What kind of cluster are you running this on? It seems to me like the AWS libfabric plugin is loaded and the IB verbs provider is selected explicitly, but you are running on a cluster without either of those? Your environment might be polluted with incorrect/stale NCCL_* variables.

mkserge · April 4, 2023, 8:54pm

Thanks Raghu,

I am running these jobs on a single p3.16xlarge instance with 8 V100 GPUs. My understanding is that the WARN above comes from aws-ofi-nccl plugin which is not supported on the instances that I am running my jobs on.
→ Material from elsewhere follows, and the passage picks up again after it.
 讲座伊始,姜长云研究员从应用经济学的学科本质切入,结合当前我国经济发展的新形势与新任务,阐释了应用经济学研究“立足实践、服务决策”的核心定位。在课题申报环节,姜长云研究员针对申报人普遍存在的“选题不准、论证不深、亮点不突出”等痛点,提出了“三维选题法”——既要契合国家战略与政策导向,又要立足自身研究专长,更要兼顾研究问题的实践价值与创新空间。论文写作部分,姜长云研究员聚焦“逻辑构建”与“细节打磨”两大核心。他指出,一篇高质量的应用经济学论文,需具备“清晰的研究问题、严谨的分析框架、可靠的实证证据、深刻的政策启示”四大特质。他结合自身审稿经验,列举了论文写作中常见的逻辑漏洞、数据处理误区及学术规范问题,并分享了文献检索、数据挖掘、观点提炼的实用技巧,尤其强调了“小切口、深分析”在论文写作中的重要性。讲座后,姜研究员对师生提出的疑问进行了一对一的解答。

BTW, I modified the embedding array to be dense (it was sparse before) and now I do see NCCL logs in both scenarios, but the slow version is still more than 2x slow.

The warning message in your post is present in both scenarios. Here’s the relevant bit for the fast version.
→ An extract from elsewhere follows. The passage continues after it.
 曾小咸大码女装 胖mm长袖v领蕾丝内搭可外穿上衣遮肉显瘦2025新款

[2023-04-04 20:37:17.365 0b13273ea9b4:15 INFO utils.py:27] RULE_JOB_STOP_SIGNAL_FILENAME: None
[2023-04-04 20:37:17.426 0b13273ea9b4:15 INFO profiler_config_parser.py:102] Unable to find config at /opt/ml/input/config/profilerconfig.json. Profiler is disabled.
0b13273ea9b4:15:15 [0] NCCL INFO Bootstrap : Using [0]lo:127.0.0.1<0> [1]eth0:172.17.0.11<0>

0b13273ea9b4:15:15 [0] ofi_init:1134 NCCL WARN NET/OFI Only EFA provider is supported
0b13273ea9b4:15:15 [0] NCCL INFO NET/IB : No device found.
0b13273ea9b4:15:15 [0] NCCL INFO NET/Socket : Using [0]lo:127.0.0.1<0> [1]eth0:172.17.0.11<0>
0b13273ea9b4:15:15 [0] NCCL INFO Using network Socket
NCCL version 2.7.8+cuda11.1

And here’s the relevant bit on the slow version,

0363c6547f6e:301:362 [0] NCCL INFO cudaDriverVersion 12000
0363c6547f6e:301:362 [0] NCCL INFO Bootstrap : Using lo:127.0.0.1<0>
0363c6547f6e:301:362 [0] NCCL INFO NET/Plugin: Failed to find ncclCollNetPlugin_v6 symbol.
0363c6547f6e:301:362 [0] NCCL INFO NET/Plugin: Failed to find ncclCollNetPlugin symbol (v4 or v5).
NCCL version 2.14.3+cuda11.7
0363c6547f6e:301:367 [0] NCCL INFO NET/OFI Using aws-ofi-nccl 1.4.0aws
0363c6547f6e:301:367 [0] 9.395920 get_platform_type:1112 NCCL TRACE NET/OFI Read 8 bytes. EC2 platform type is HVM domU
0363c6547f6e:301:367 [0] NCCL INFO NET/OFI Setting FI_EFA_FORK_SAFE environment variable to 1
0363c6547f6e:301:367 [0] 13.970224 find_ofi_provider:597 NCCL TRACE NET/OFI Could not find any optimal provider supporting GPUDirect RDMA

0363c6547f6e:301:367 [0] ofi_init:1304 NCCL WARN NET/OFI Only EFA provider is supported

0363c6547f6e:301:367 [0] ofi_init:1355 NCCL WARN NET/OFI aws-ofi-nccl initialization failed
0363c6547f6e:301:367 [0] NCCL INFO NET/IB : No device found.
0363c6547f6e:301:367 [0] NCCL INFO NET/Socket : Using [0]lo:127.0.0.1<0> [1]eth0:172.17.0.11<0>
0363c6547f6e:301:367 [0] NCCL INFO Using network Socket
0363c6547f6e:301:370 [3] NCCL INFO Using network Socket
0363c6547f6e:301:368 [1] NCCL INFO Using network Socket
0363c6547f6e:301:369 [2] NCCL INFO Using network Socket

Anything useful in the logs here? Both setups have the same /etc/nccl.conf file with the following

NCCL_DEBUG=INFO
NCCL_SOCKET_IFNAME=^docker0

(I exported NCCL_DEBUG=TRACE to produce the snippets below). I also inspected the environment variables in both scenarios with nothing jumping at me that is NCCL related. Any ideas what NCCL env variables I should explore?